[Stored entries]

________

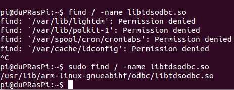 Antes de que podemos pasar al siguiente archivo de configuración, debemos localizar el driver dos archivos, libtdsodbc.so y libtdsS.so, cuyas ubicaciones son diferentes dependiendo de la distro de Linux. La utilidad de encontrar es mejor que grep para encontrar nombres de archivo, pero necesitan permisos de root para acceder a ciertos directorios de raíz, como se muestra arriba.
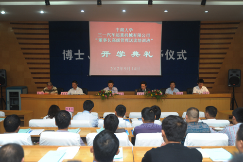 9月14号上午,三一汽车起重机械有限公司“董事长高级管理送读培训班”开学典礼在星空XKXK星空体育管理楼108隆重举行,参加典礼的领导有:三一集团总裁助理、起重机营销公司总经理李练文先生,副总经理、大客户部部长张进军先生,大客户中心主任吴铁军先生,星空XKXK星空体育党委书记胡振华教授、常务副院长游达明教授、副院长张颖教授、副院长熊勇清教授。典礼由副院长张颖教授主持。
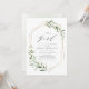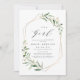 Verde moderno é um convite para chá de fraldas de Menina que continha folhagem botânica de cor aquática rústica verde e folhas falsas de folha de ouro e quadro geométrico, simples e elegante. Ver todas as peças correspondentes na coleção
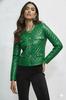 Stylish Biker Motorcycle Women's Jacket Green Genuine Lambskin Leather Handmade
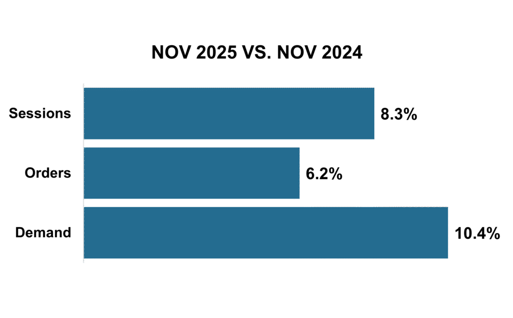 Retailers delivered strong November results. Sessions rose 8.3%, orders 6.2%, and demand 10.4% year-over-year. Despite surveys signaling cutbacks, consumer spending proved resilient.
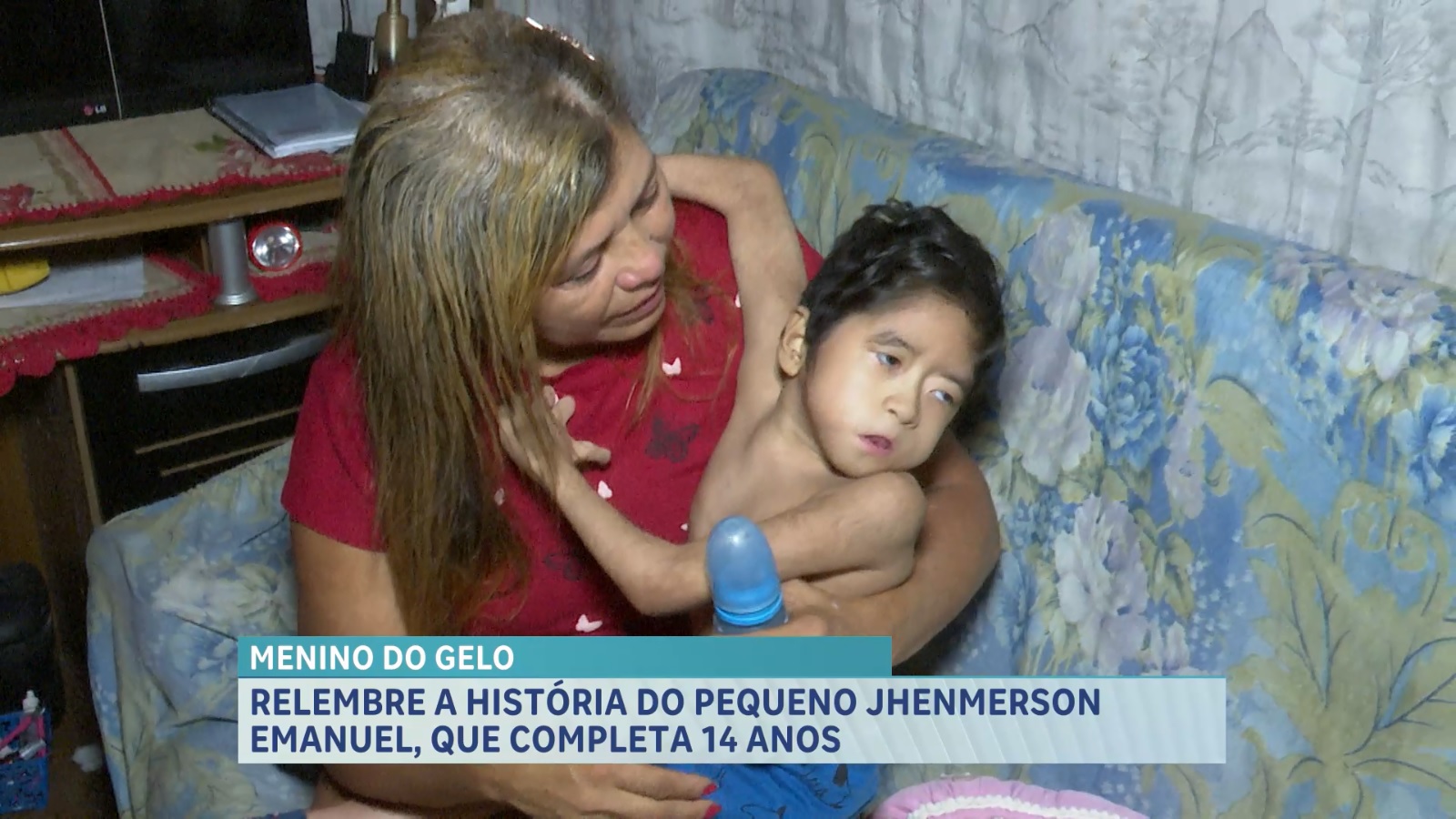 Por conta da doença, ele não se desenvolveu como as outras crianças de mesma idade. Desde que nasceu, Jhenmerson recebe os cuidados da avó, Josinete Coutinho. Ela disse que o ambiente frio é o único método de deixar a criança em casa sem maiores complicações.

________

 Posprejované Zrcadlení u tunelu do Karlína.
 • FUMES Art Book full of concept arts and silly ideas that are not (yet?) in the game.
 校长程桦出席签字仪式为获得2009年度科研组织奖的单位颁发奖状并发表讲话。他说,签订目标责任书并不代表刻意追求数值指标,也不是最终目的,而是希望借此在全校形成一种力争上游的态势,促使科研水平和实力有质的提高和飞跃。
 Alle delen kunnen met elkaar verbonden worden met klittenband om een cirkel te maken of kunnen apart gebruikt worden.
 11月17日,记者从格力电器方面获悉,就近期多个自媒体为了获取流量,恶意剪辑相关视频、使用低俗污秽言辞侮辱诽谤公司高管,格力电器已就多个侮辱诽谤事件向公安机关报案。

________

__Work item__.
From the records above, transcribe exactly the lines starting at the one containing "Stylish Biker Motorcycle" and ending at the one containing "Por conta da". Skip the pictures.

__Written solution__.
 Stylish Biker Motorcycle Women's Jacket Green Genuine Lambskin Leather Handmade
 Retailers delivered strong November results. Sessions rose 8.3%, orders 6.2%, and demand 10.4% year-over-year. Despite surveys signaling cutbacks, consumer spending proved resilient.
 Por conta da doença, ele não se desenvolveu como as outras crianças de mesma idade. Desde que nasceu, Jhenmerson recebe os cuidados da avó, Josinete Coutinho. Ela disse que o ambiente frio é o único método de deixar a criança em casa sem maiores complicações.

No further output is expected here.